基金This work was supported by grants from the Ministry of Science and Technology of China (2013CB945100) and the National Natural Science Foundation of China (31671390 and 31471266). X.Q. was supported by post-doctoral fellowships from Tsinghua-Peking Joint Center for Life Sciences and the China Postdoctoral Science Foundation (grant no. 2015M571028).

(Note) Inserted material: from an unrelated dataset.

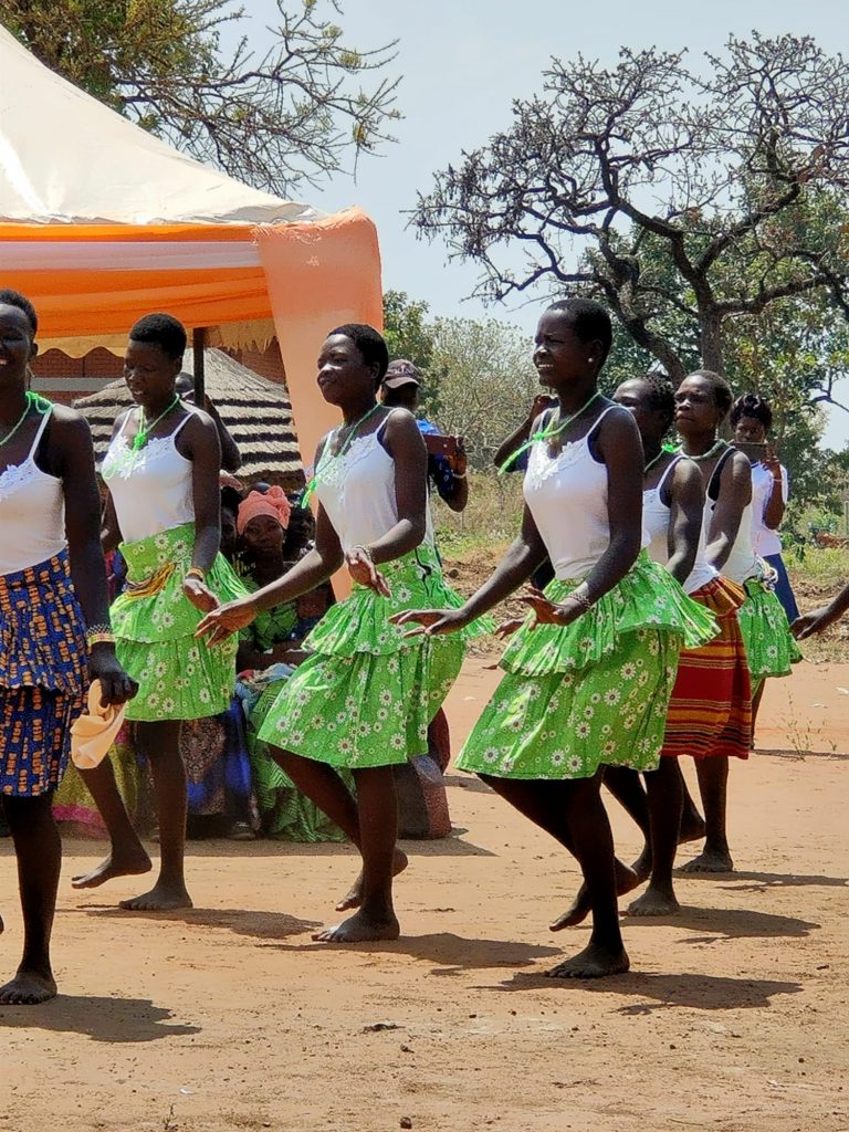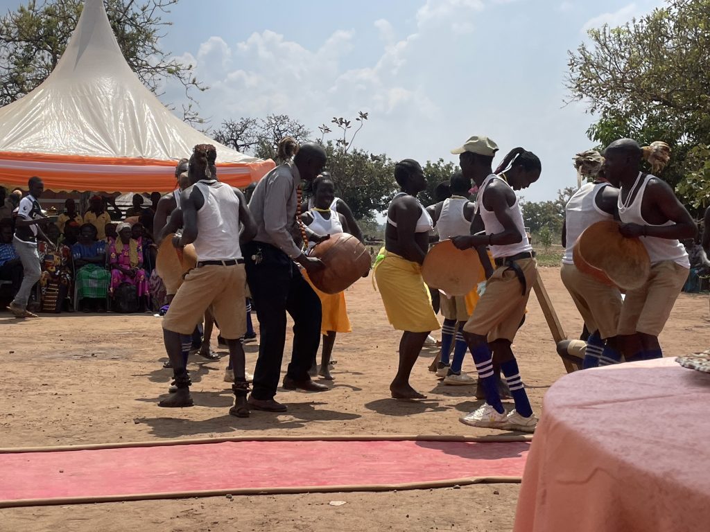 Es ist inzwischen halb zwei, wir haben langsam Hunger und es ist heiß. Vor dem Mittagessen müssen aber noch Reden gehalten werden. Das macht auch viel Sinn, weil – wie Berna mir erklärt – die Leute hören sich das alles sehr geduldig an, wenn sie wissen, dass es danach Essen gibt. Aber es zieht sich. Makhmot, der Bruder von Berna, der ein zweites Mal ins Parlament von Uganda gewählt werden möchte, muss reden, die für Adilang zuständige Vertreterin des Distrikts Honorable Berna redet sehr lange, der Bürgermeister muss reden, der stellvertretende Leiter der Lehrerschaft im Distrikt darf nicht fehlen, und natürlich muss auch Emmanuel etwas sagen. Im Rahmen seines Auftritts stellen sich alle Mitglieder von Dongo Paco vor und auch wir müssen uns in die Mitte stellen und jeder von uns muss ein paar Worte sagen. Wie wir denken, es ist überstanden, kommt noch der Guest of Honor dran. Dabei handelt es sich interessanterweise um einen hochrangigen Vertreter des Distrikts Gulu, der vor zwei Jahren noch Lehrer an unserer Berufsschule war. Spaßeshalber sage ich zu Robert, die finden bestimmt noch einen Redner und schon steht noch einmal jemand in der Mitte, dessen Funktion ich nicht genau verstehe und auch er muss noch einiges von sich geben.

文摘Polarized tip growth is a fundamental cellular process in many eukaryotes. In this study, we examined the dynamic restructuring of the actin cytoskeleton and its relationship to vesicle transport during pollen tip growth in Arabidopsis. We found that actin filaments originating from the apical membrane form a specialized structure consisting of longitudinally aligned actin bundles at the cortex and inner cytoplasmic fila- ments with a distinct distribution. Using actin-based pharmacological treatments and genetic mutants in combination with FRAP (fluorescence recovery after photobleaching) technology to visualize the transport of vesicles within the growth domain of pollen tubes, we demonstrated that cortical actin filaments facilitate tip-ward vesicle transport. We also discovered that the inner apical actin filaments prevent backward movement of vesicles, thus ensuring that sufficient vesicles accumulate at the pollen tube tip to support the rapid growth of the pollen tube. The combinatorial effect of cortical and internal apical actin filaments perfectly explains the generation of the inverted "V" cone-shaped vesicle distribution pattern at the pollen tube tip. When pollen tubes turn, apical actin filaments at the facing side undergo depolymerization and repolymerization to reorient the apical actin structure toward the new growth direction. This actin restructuring precedes vesicle accumulation and changes in tube morphology. Thus, our study provides new insights into the functional relationship between actin dynamics and vesicle transport during rapid and directional pollen tube growth.